Question

$\mathfrak{Question}$

A machine which was purchased 3 year ago at Rs. 6,25,000 depreciates at the rate of 8 p.c.p.a. What is its value today?

Option :-
a) rs. 480000
b) rs. 486680
c) rs. 458000
d) rs. 495670​

Answer 1

Given :-

• A machine was Purchased 3 years ago at Rs. 6,25,000
• It's value depreciates at the rate of 8 p.c.p.a

To Find :-

• Machine's value today

Solution :-

❒ Here , in this question :

➼ Principal ( P ) = Cost price of the machine = 6,25,000

➼ Amount ( A ) = Cost price after 3 years

➼ R = Rate of depreciation = 8 %

➼ N = 3 years

$\underline{\bf{\dag} \:\mathfrak{As\;we\;know\: that\: :}}$

$\underlined{\boxed{A=P \bigg\{ 1 + \dfrac{R}{100}\bigg\}^{N} }}$

→ Let's solve by putting the values in this formula

$\sf \leadsto 6,25,000 \bigg\{ 1 + \dfrac{-8}{100} \bigg\}^{3}$

( Here , -8 is taken because value of machine is decreasing )
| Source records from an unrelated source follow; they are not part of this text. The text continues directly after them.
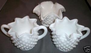 Fenton Milk Glass Hobnail Complete 4 Piece Jam Set     Completed    $11.99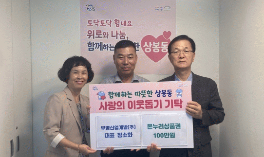 [HKSÇàÁ¤¹æ¼Û]»óºÀµ¿ ÇàÁ¤º¹Áö¼¾ÅÍ´Â 21ÀÏ ºÎ¿µ»ê¾÷°³¹ß(ÁÖ) Á¤¼ÒÈ ´ëÇ¥°¡ Ãß¼® ¸íÀýÀ» ¸Â¾Æ °ü³» µµ¿òÀÌ ÇÊ¿äÇÑ ÀÌ¿ô¿¡ Àü´ÞÇØ´Þ¶ó¸ç ÁøÁÖ-»êû»ó»ý»óǰ±Ç 100¸¸ ¿ø »ó´çÀ» ±âŹÇß´Ù°í ¹àÇû´Ù.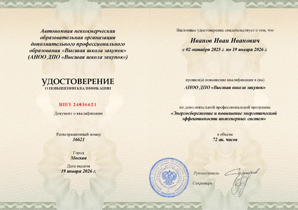 Специализированная программа повышения квалификации, включающая 72 академических часа материала, предназначена для инженеров, энергоменеджеров и руководителей, нацеленных на оптимизацию энергопотребления в организациях. Заниматься можно полностью удаленно в Махачкале, совмещая учебу с профессиональной деятельностью. Курс охватывает современные методики энергетического аудита, принципы энергоменеджмента, а также цифровые технологии для снижения затрат на содержание инженерных систем зданий и промышленных объектов. Итоговая аттестация проходит в формате несложного теста (до 10 вопросов) без ограничений по времени и количеству попыток (99% успешных сдач с первого раза). Рефераты и защиты исключены. Согласно анализу цен, это самый дешевый курс среди аналогичных программ. Удостоверение выдается за 1 день, а запись в ФРДО появляется в день выдачи документа.
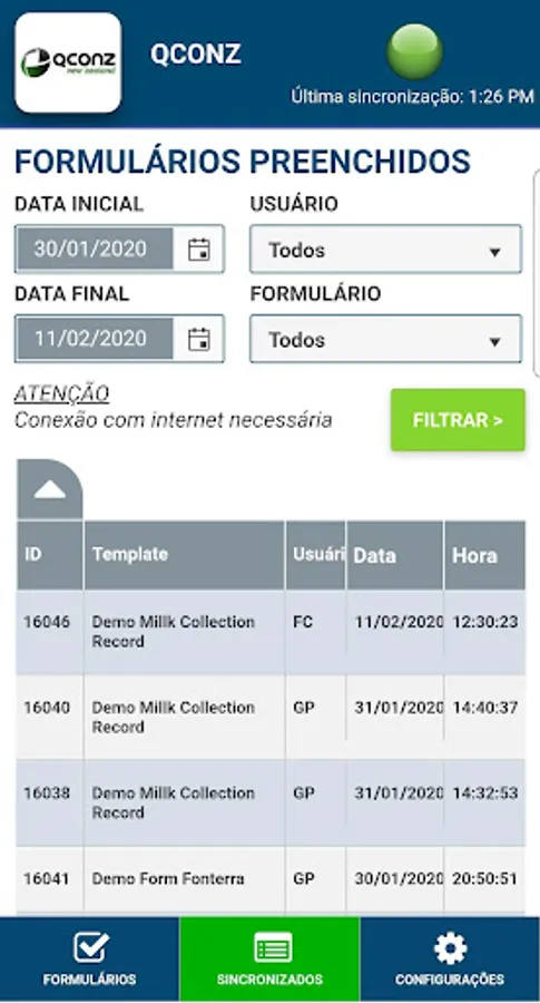 QCONZ SYNC conta com uma interface web que inclui um desenvolvedor de templates, gestão de usuários, exportação de dados para Excel e automação de dados.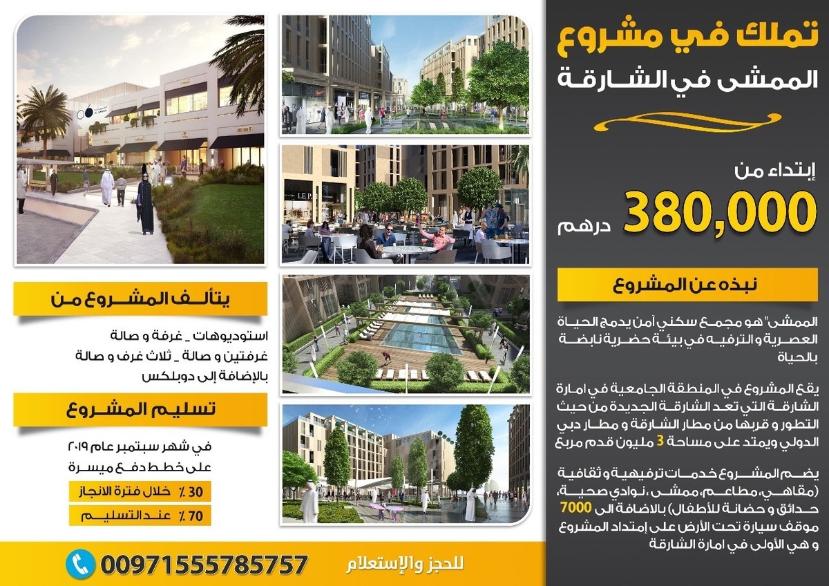 تملك شقتك في مشروع الممشى بالـشارقه ابتداء من 380 الف درهم فقط وبالتقسيط https://i.suar.me/qyleV/l للاستعلام والاتصال او واتس اب : 00971555785757 نبذة عن الشركة المطورة: مجموعة “ألف” Alef Group شركة تُعنى بتطوير مشاريع بإسلوب الحياة راقي، أسسها سمو الشيخ خالد بن سلطان القاسمي عام 2013. وتتخذ المجموعة من الشارقة، الإمارات العربية المتحدة مقرا لها وهي شركة رائدة في تطوير الوجهات والمنشآت الرائدة التي تقدم أرقى عناصر إسلوب الحياة العصرية من خلال الإستثمار وإقامة المشاريع الإستراتيجية المشتركة. تبلغ قيمة أصول المجموعة أربعة مليارات درهم إماراتي، وتبلغ قيمة الاراضي التابعة للمجموعة مليار درهم، وتقدم مجموعة “ألف” مشاريع بارزة وقيادية في قطاعات الأعمال والترفيه، تتكامل مع المجمعات السكنية النوعية التي تقوم المجموعة بإستحداثها. نبذة عن المشروع: "الممشى" هو مجمع سكني آمن يدمج الحياة العصرية والترفيه في بيئة حضرية نابضة بالحياة. يقع المشروع في المنطقة الجامعية في امارة الشارقة التي تعد الشارقة الجديدة من حيث التطور و قربها من مطار الشارقة و مطار دبي الدولي ويمتد على مساحة 3 مليون قدم مربع. يضم المشروع خدمات ترفيهية و ثقافية (مقاهي، مطاعم، ممشى، نوادي صحية، حدائق و حضانة للأطفال) بالاضافة الى 7000 موقف سيارة تحت الأرض على امتداد المشروع و هي الأولى في امارة الشارقة. يتألف المشروع من استوديوهات، غرفة و صالة، غرفتين و صالة، ثلاث غرف و صالة ، بالضافة الى دوبلكس. تسليم المشروع سيكون في شهر سبتمبر عام 2019 و على خطط دفع ميسرة 30% خلال فترة الانجاز و 70% عند التسليم. دراسة المشروع: المشروع هو من أهم المشاريع الاستثمارية في المنطقة حيث يقع في المنطقة الجامعية التي تضم 30000 طالب و معلم و مقابل ثاني أكبر ستي سنتر في الامارات الذي سيضم 10000 موظف ما يزيد الطلب على الشقق السكنية الفاخرة في هذا الموقع. للاستعلام والاتصال او واتس اب : 00971555785757 |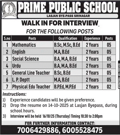 Jammu Kashmir JobsJobs in KashmirPrivate JobsSchool Jobs
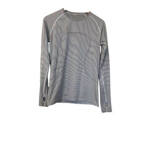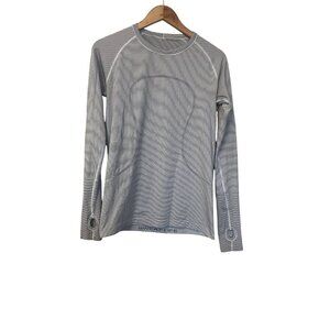 Lululemon Swiftly Tech Long-Sleeve Shirt, black and white, size 10.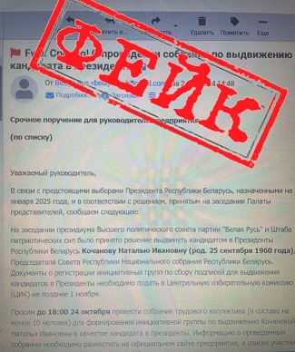 Вот один из первых — якобы партия «Белая Русь» выдвигает от себя на выборы главу Совета Республики Наталью Кочанову. Слёзно просят поддержать инициативу. Не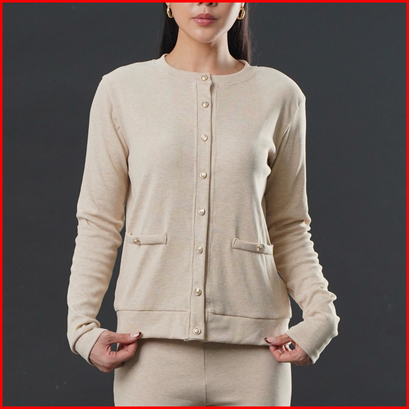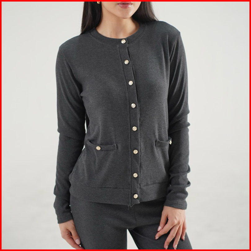 Angel Top - Atasan Knit Wanita Lengan Panjang Kancing Basic Korean Top Summer Baju Knit Kancing Rib Wanita Long Sleeve S

$\sf \leadsto 6,25,000 \bigg\{ \dfrac{100+(-8)}{100} \bigg\}^{3}$

$\sf \leadsto 6,25,000 \bigg\{\dfrac{92}{100}\bigg\}^{3}$

$\sf \leadsto 6,25,000 \bigg\{\dfrac{23}{25} \bigg\}^{3}$

$\sf \leadsto 6,25,000 \times \dfrac{23}{25} \times \dfrac{23}{25} \times \dfrac{23}{25}$

$\sf \leadsto 40 \times 23 \times 23 \times 23$

$\sf \leadsto 4,86,680$

∴ Value of the machine today is Rs. 4,86,680

  ( Option ' b ' )

Answer 2

$\huge{ \sf{ \red{ \underline{❥︎ Answer}}}}$

Given :-

• A machine was Purchased 3 years ago at Rs. 6,25,000
• It's value depreciates at the rate of 8 p.c.p.a

To Find :-

Machine's value today

Solution :-

❒ Here , in this question :

➼ Principal ( P ) = Cost price of the machine = 6,25,000

➼ Amount ( A ) = Cost price after 3 years

➼ R = Rate of depreciation = 8 %

➼ N = 3 years

Main Answer :-

Value of the machine today is Rs. 4,86,680

( Option ' b ' )

How to solve the problem. This is already given!!